SSK, K2TOG, and how to use them

Knitting: A guide to decreases

11/22/13

There are a lot of ways to decrease the number of stitches in your knitting. One thing to consider is whether you want a "left-leaning" or "right-leaning" decrease. Meaning, which way do you want the lines to go?

K2TOG is one of the most common decreases, and it's the easiest one for beginning knitters to master. Instead of knitting one stitch on the left-hand needle, you push your needle through two stitches and knit them together. Boom: done. This is a right-leaning decrease.

SSK is the natural complement to K2TOG. It is a left-leaning decrease where you… well, that part depends. The classic instruction is to slip the next two stitches as if to knit, put them back on the left-hand needle, and knit them together through the back loop.

However, you get far better results with other methods of SSK. My personal favorite is to slip the first stitch as if to knit, the second as if to purl, then knit both through the back loop.

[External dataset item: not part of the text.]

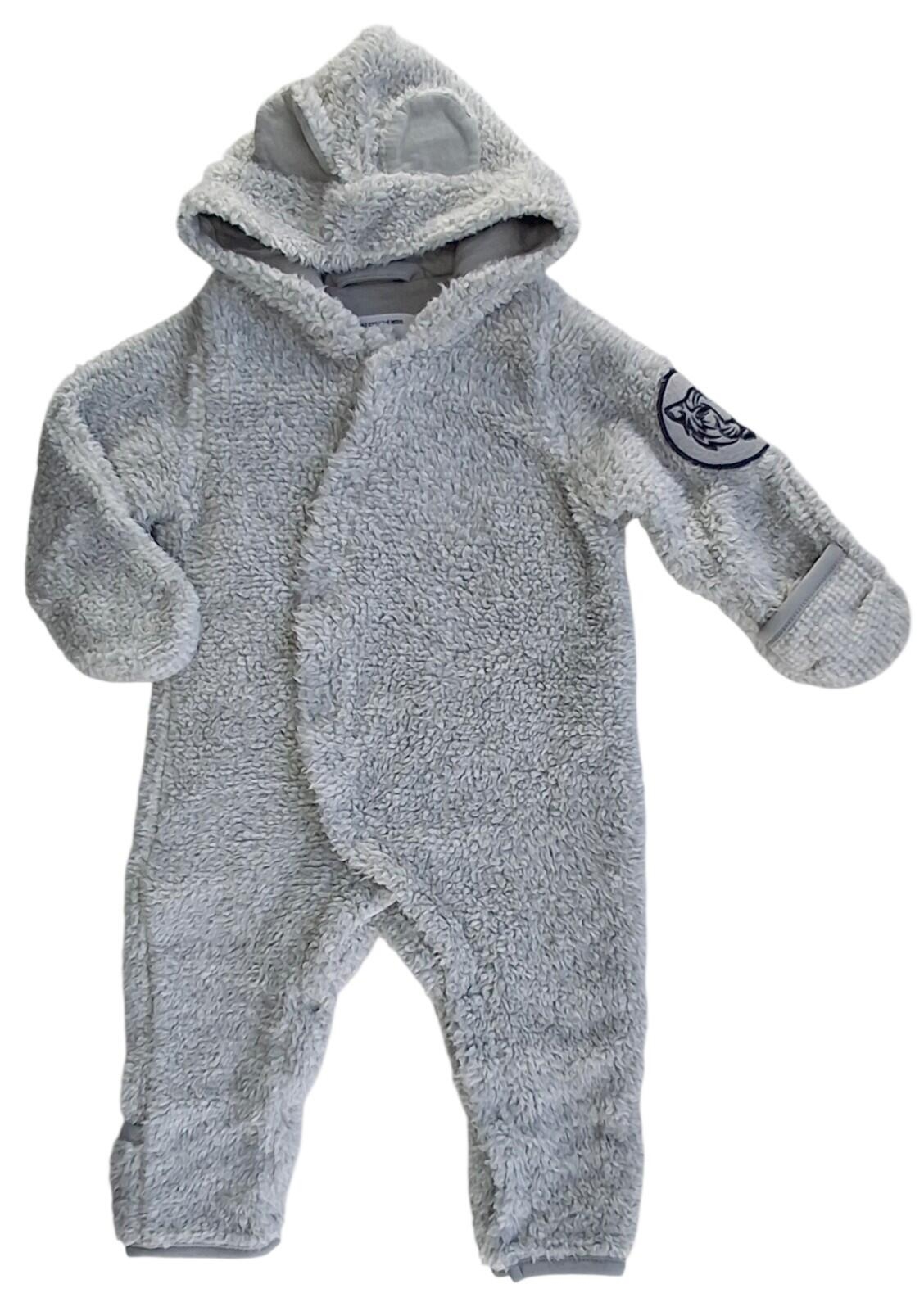 VRS lysegrå teddy køredragt str. 62 med en hætte m. ører, ombuk ved både hænder og fødder og med trykknapper fra hals til fod.

SSK is a bit trickier to master. I will admit that as a beginning knitter, whenever I encountered SSK I just ignored it and did K2TOG instead. Nobody died and I didn't get arrested, but my knitting didn't look as nice as it could have. Designers don't specify SSK just to mess with you, they do it because it works best for that spot in the pattern.

The next consideration is the placement. I have had this go wrong, myself. If you knit the same number of stitches before decreasing on every row, you will end up spiraling the decreases around (when knitting in the round) or putting them on a diagonal (if knitting back and forth).

Sometimes this is what you want, as with a line of raglan decreases. Other times it makes a weird spiral so that the garment doesn't fit right and looks strange. I made several weird hats and twisting pairs of fingerless mitts before I figured that one out.